Task objective: Pictures stay out; please output the remaining data exactly.

Given data:
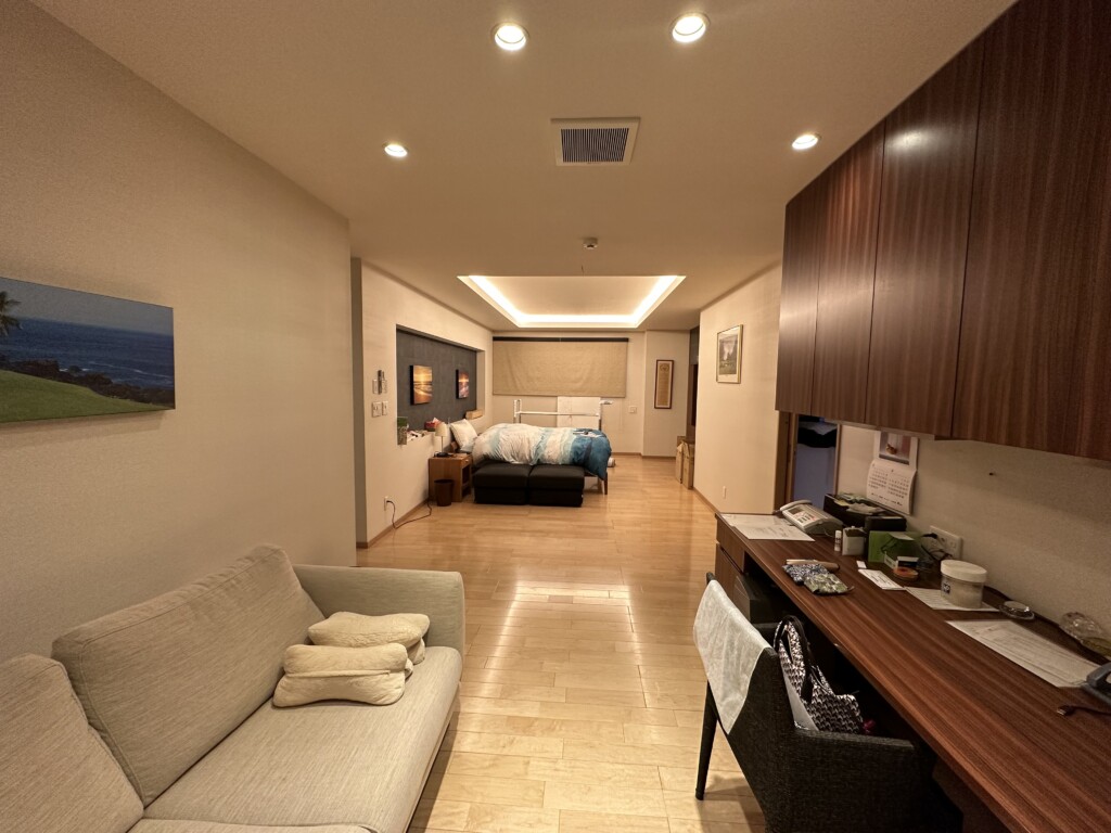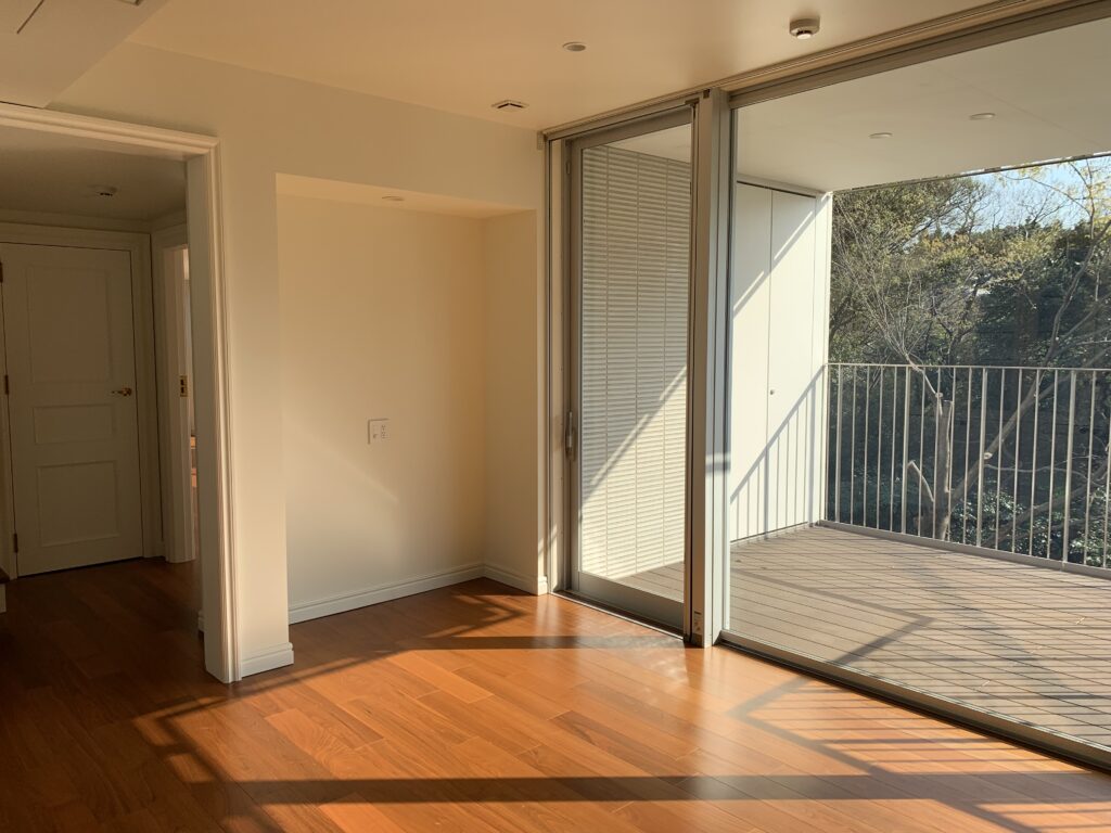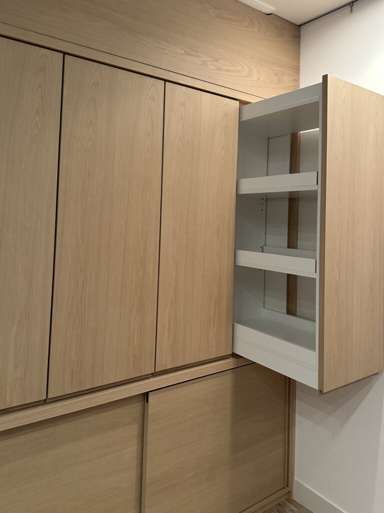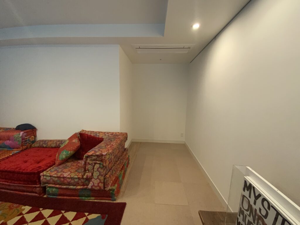 代々木にある高級賃貸マンションのインテリアデザイン事例です。リビングの一角あるデッドスペースはかなり勿体無い空間でした。荷物の多いお施主様のために、オーダーで収納を制作しました。奥行きもたっぷりあるので下部は来客用の寝具をしまうスペース、上段は重量用の引き出しキャビネットで大容量の収納を確保しました。
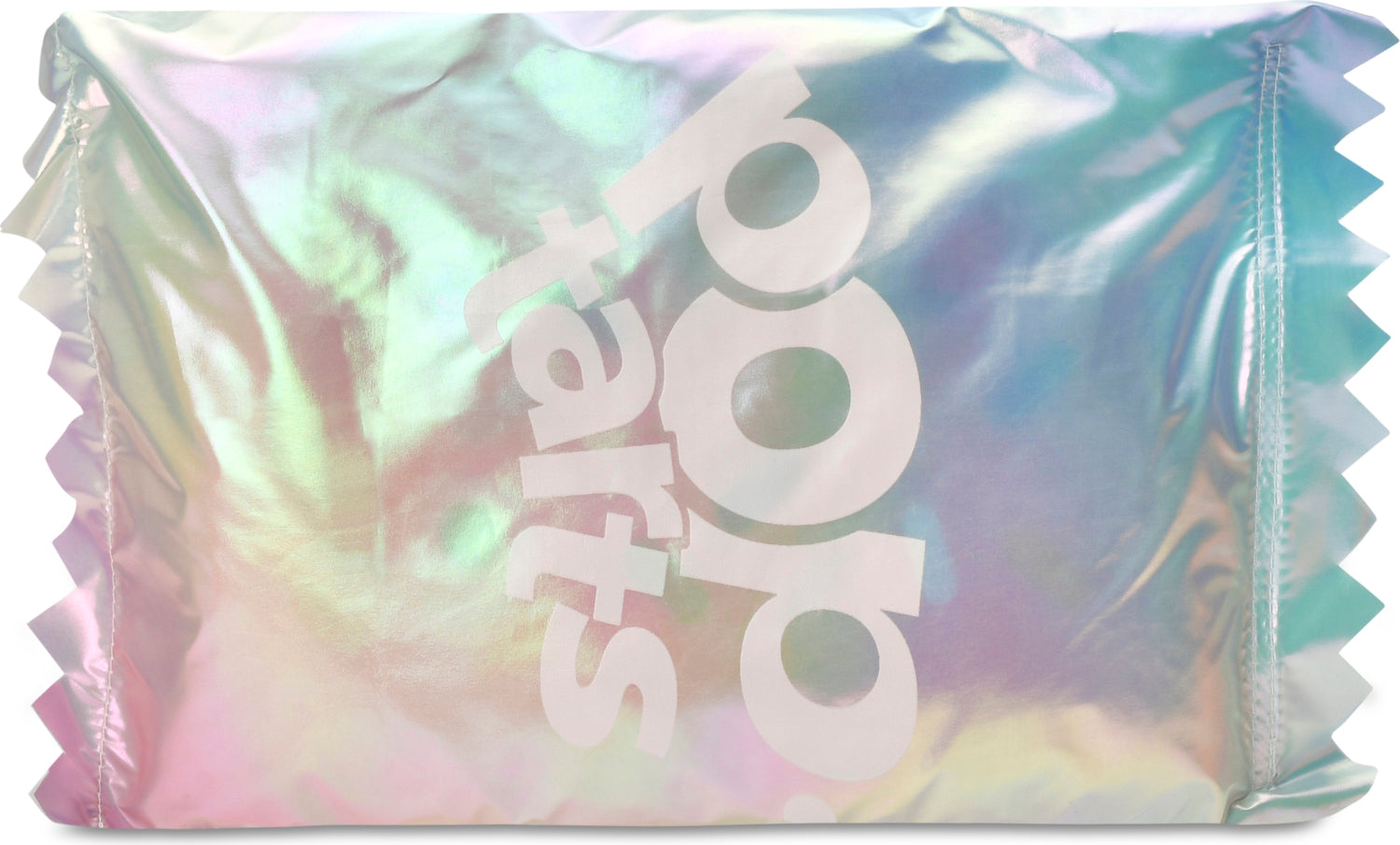 Soft, sweet, nostalgic: reach inside this oversized plush Strawberry Pop Tarts package to discover 2 treats! One smiley-face plush Pop Tart is hiding inside a velcro-closure holographic fabric bag, ready for the toaster. The other Pop Tart already has a tiny bite out of one corner! Measures 14" x 8" x 4.5" and is fun for teens and adults.
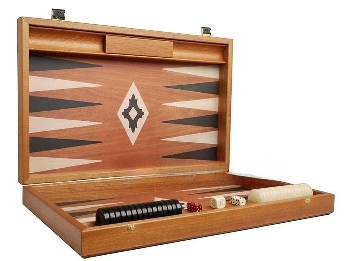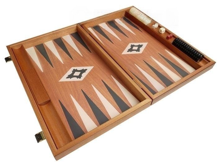 19-inch Wood Backgammon Set – Mahogany with Printed Field and Side Racks

The completed task:
 代々木にある高級賃貸マンションのインテリアデザイン事例です。リビングの一角あるデッドスペースはかなり勿体無い空間でした。荷物の多いお施主様のために、オーダーで収納を制作しました。奥行きもたっぷりあるので下部は来客用の寝具をしまうスペース、上段は重量用の引き出しキャビネットで大容量の収納を確保しました。
 Soft, sweet, nostalgic: reach inside this oversized plush Strawberry Pop Tarts package to discover 2 treats! One smiley-face plush Pop Tart is hiding inside a velcro-closure holographic fabric bag, ready for the toaster. The other Pop Tart already has a tiny bite out of one corner! Measures 14" x 8" x 4.5" and is fun for teens and adults.
 19-inch Wood Backgammon Set – Mahogany with Printed Field and Side Racks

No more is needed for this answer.